--- What this task involves ---
Omitting every picture, output the records below exactly, please.

--- Given records ---
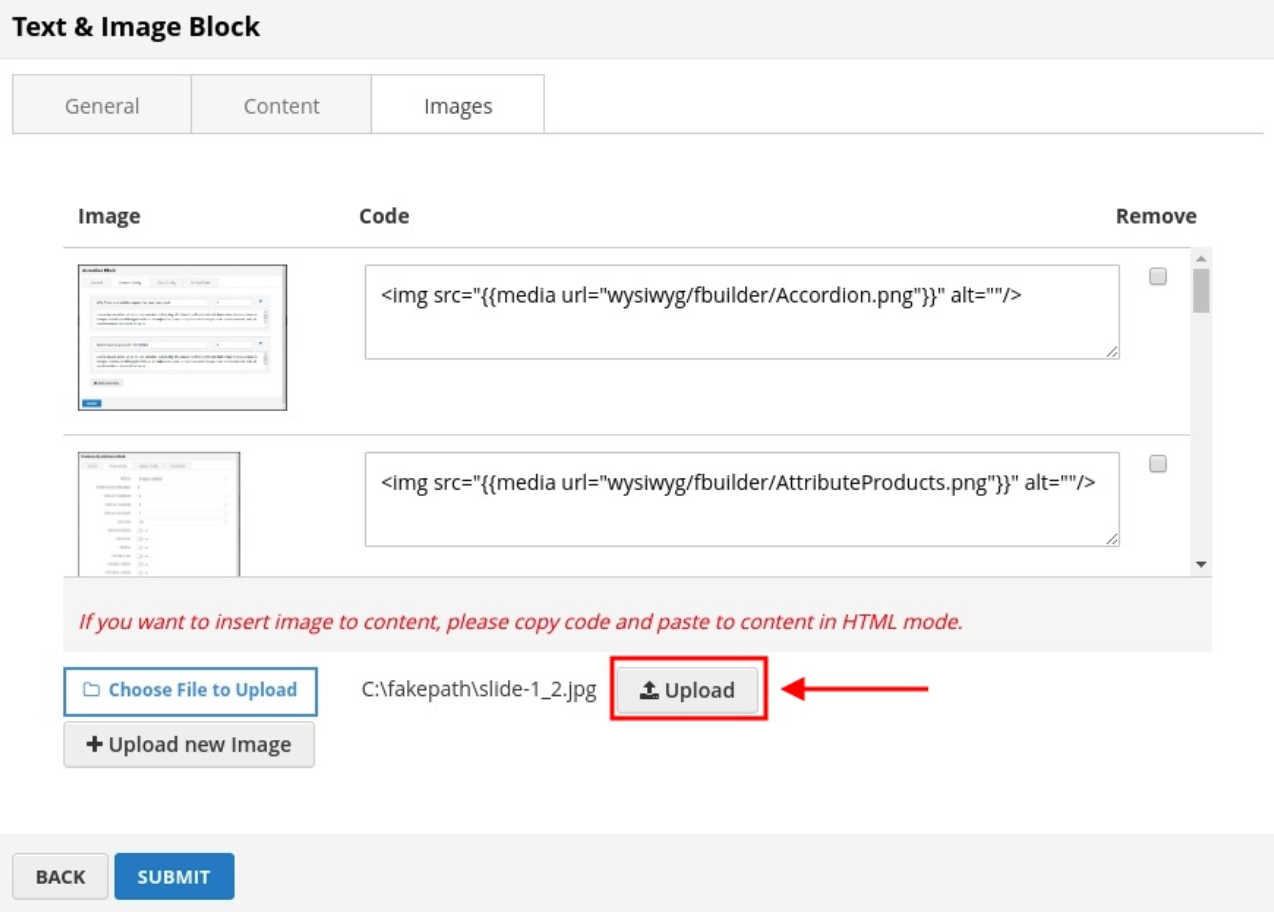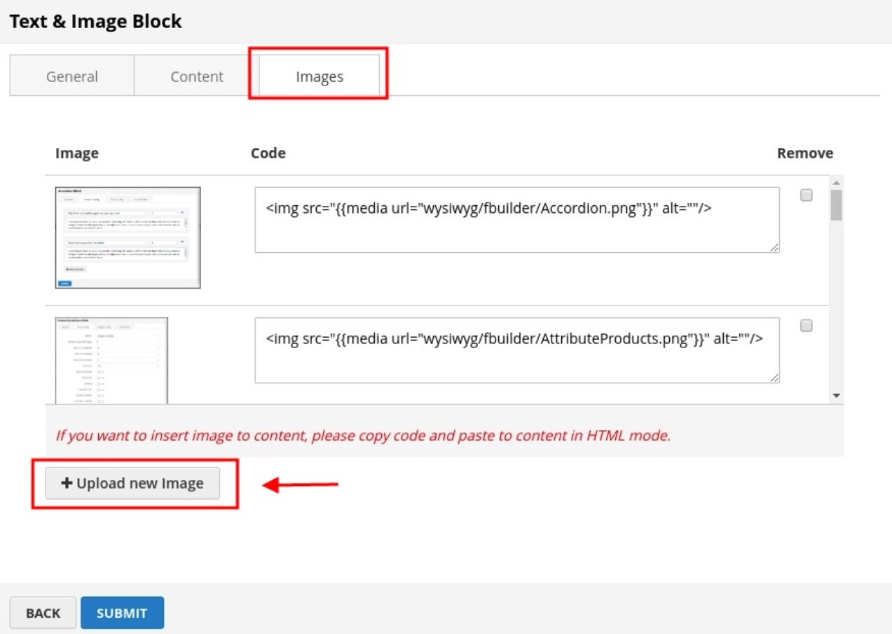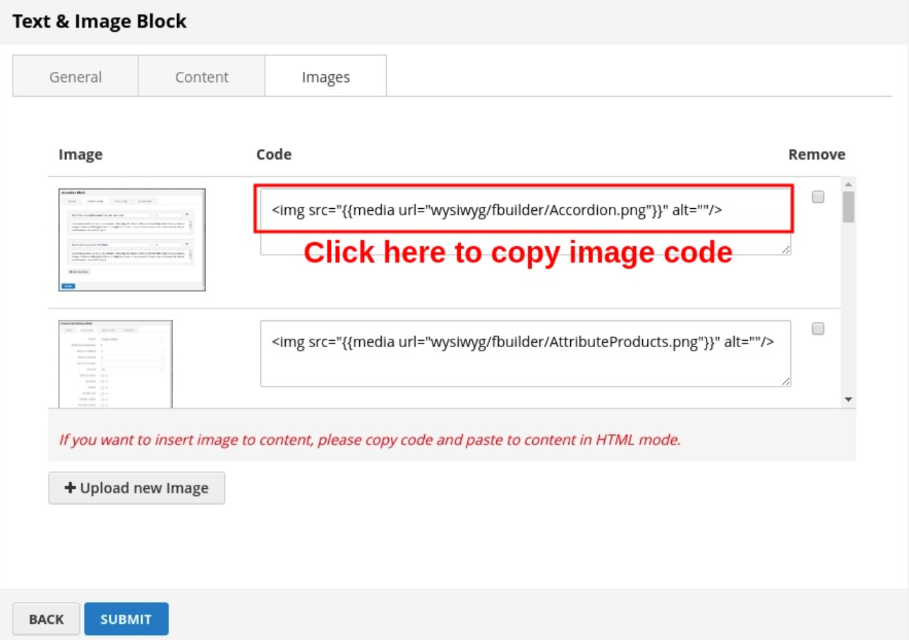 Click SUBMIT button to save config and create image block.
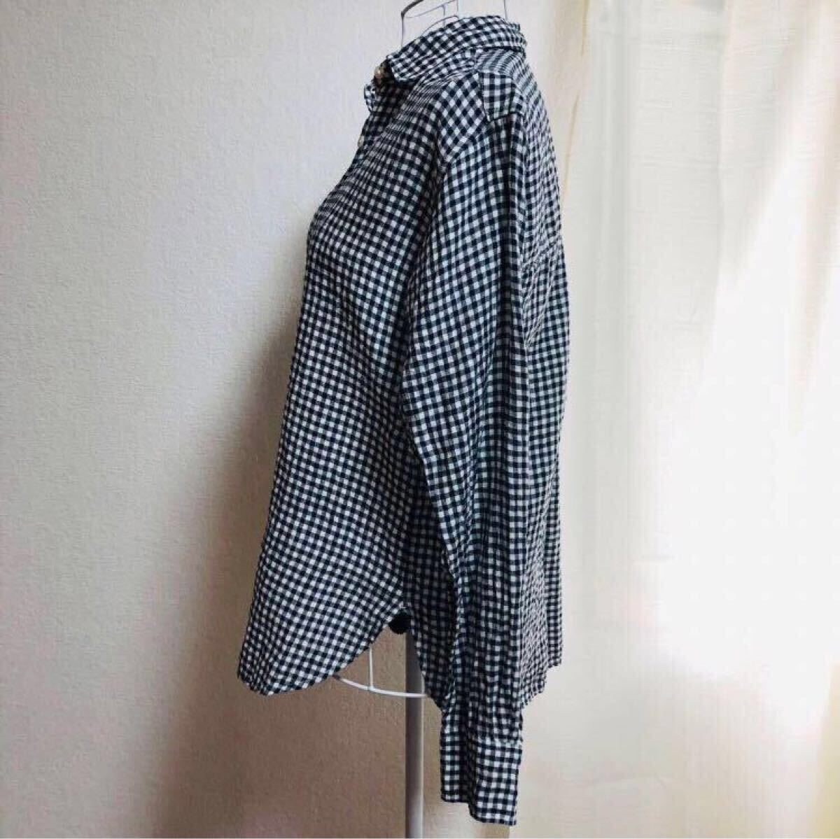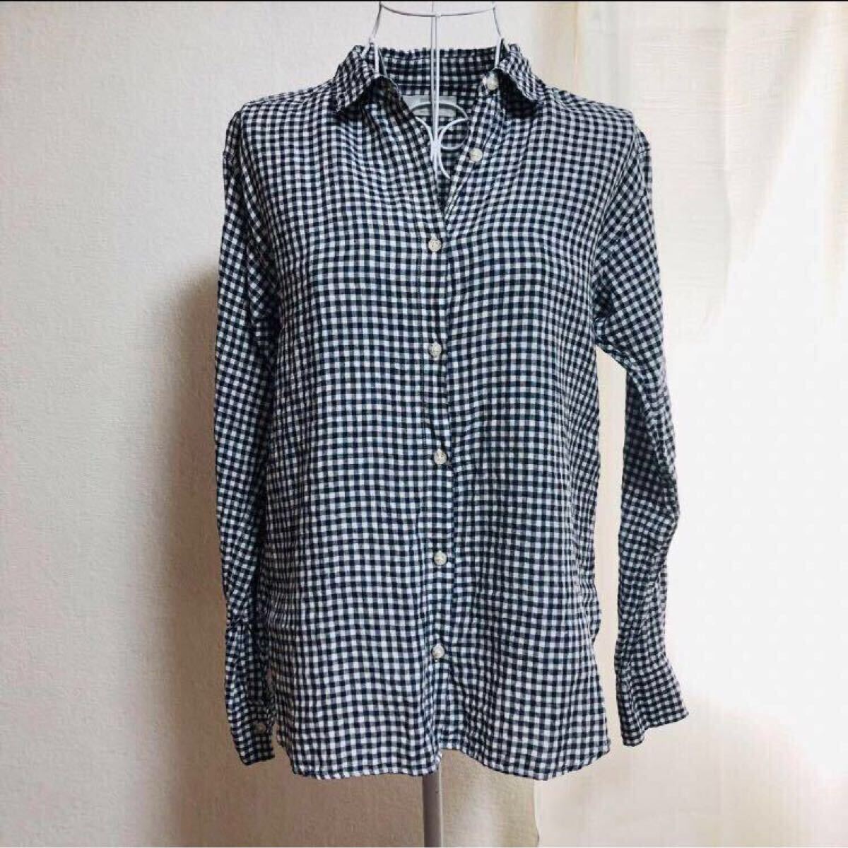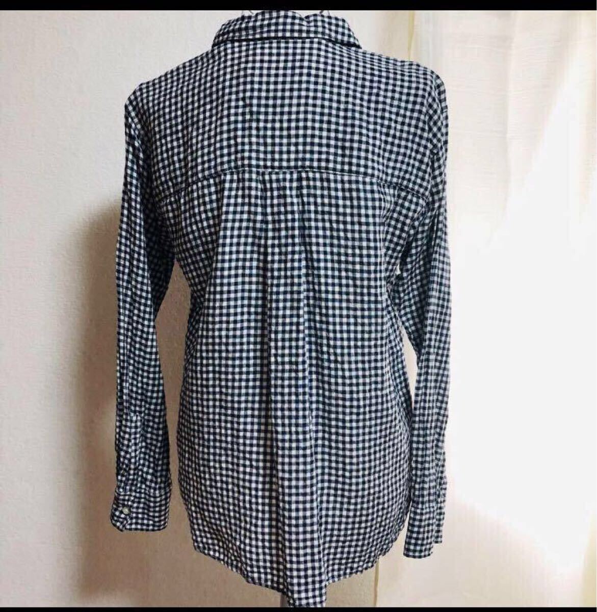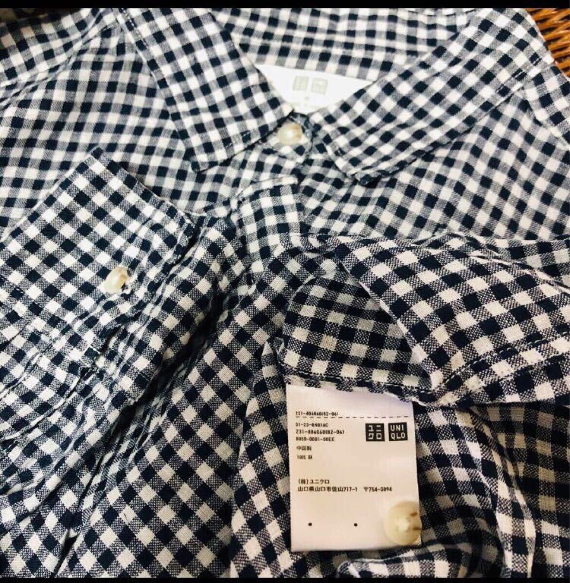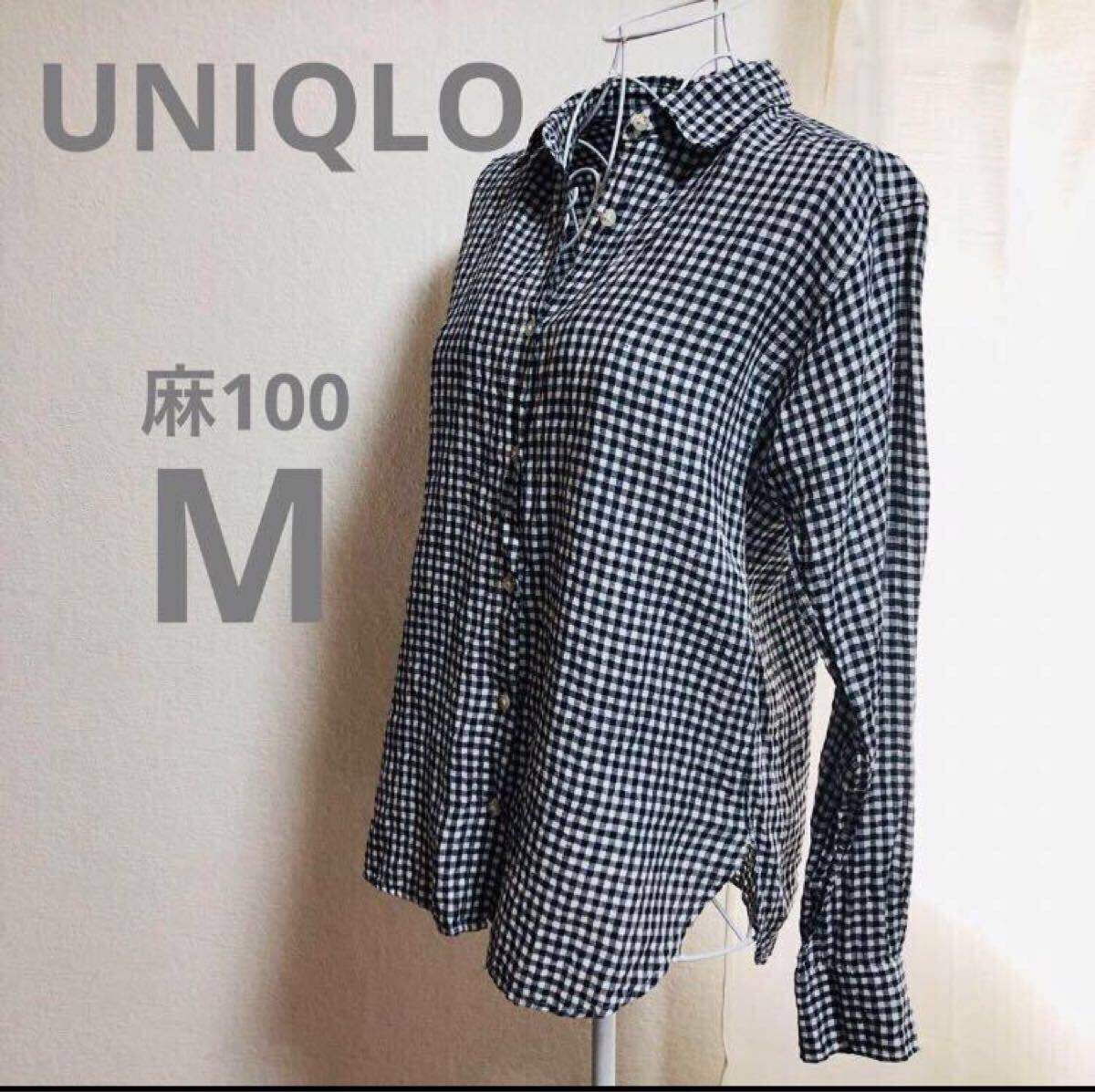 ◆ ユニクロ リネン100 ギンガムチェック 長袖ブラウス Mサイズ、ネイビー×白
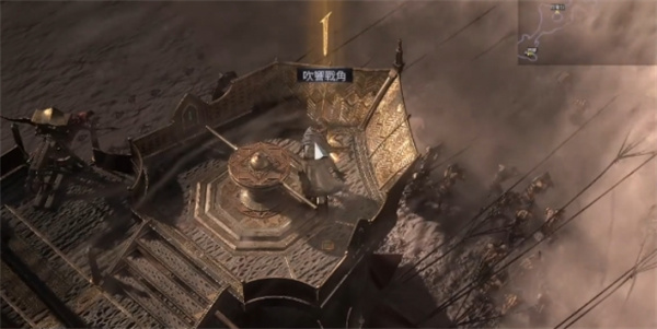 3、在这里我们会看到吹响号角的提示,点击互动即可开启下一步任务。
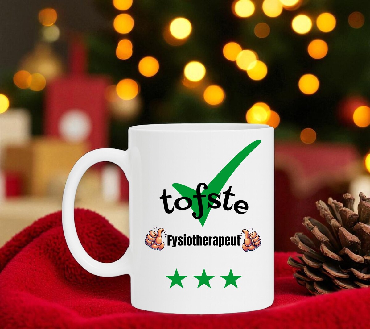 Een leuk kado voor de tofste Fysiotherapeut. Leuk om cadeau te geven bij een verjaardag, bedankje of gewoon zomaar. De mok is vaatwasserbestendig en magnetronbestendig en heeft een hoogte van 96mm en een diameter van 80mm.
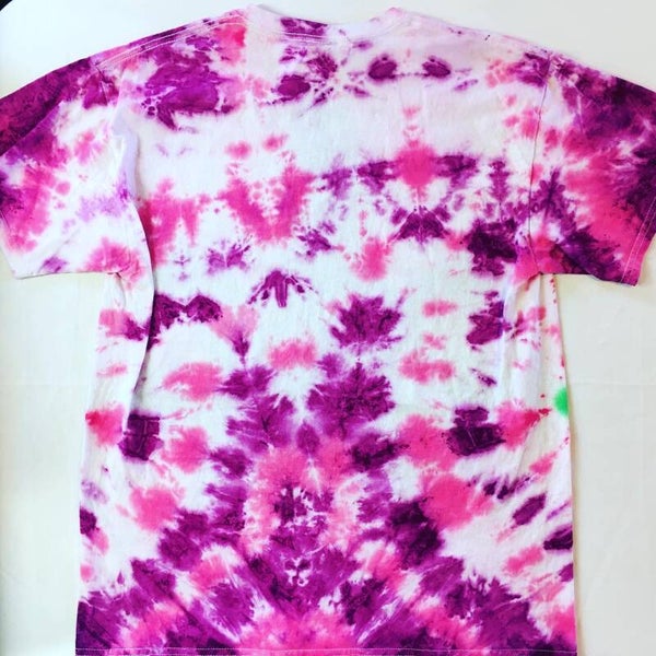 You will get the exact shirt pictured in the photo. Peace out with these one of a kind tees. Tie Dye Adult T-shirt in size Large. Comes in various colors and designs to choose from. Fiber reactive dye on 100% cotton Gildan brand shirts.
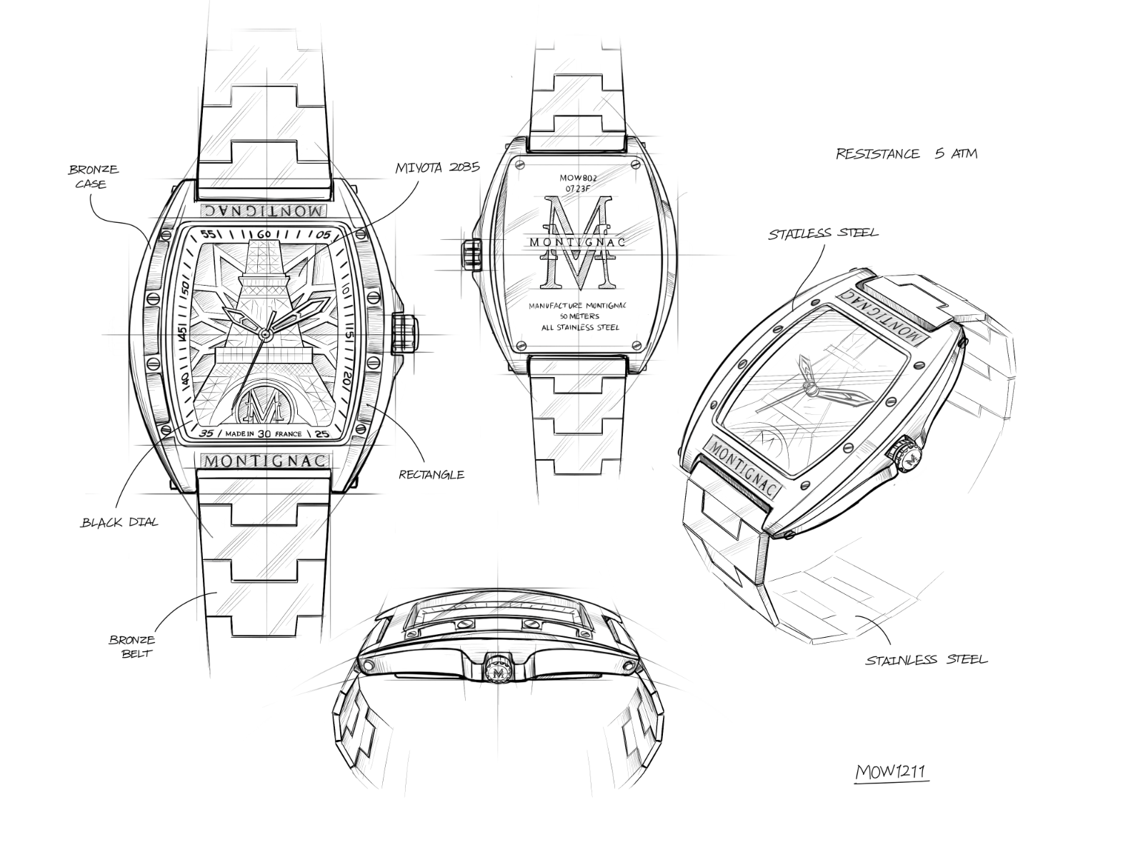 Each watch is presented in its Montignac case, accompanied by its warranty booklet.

--- Solution ---
 Click SUBMIT button to save config and create image block.
 ◆ ユニクロ リネン100 ギンガムチェック 長袖ブラウス Mサイズ、ネイビー×白
 3、在这里我们会看到吹响号角的提示,点击互动即可开启下一步任务。
 Een leuk kado voor de tofste Fysiotherapeut. Leuk om cadeau te geven bij een verjaardag, bedankje of gewoon zomaar. De mok is vaatwasserbestendig en magnetronbestendig en heeft een hoogte van 96mm en een diameter van 80mm.
 You will get the exact shirt pictured in the photo. Peace out with these one of a kind tees. Tie Dye Adult T-shirt in size Large. Comes in various colors and designs to choose from. Fiber reactive dye on 100% cotton Gildan brand shirts.
 Each watch is presented in its Montignac case, accompanied by its warranty booklet.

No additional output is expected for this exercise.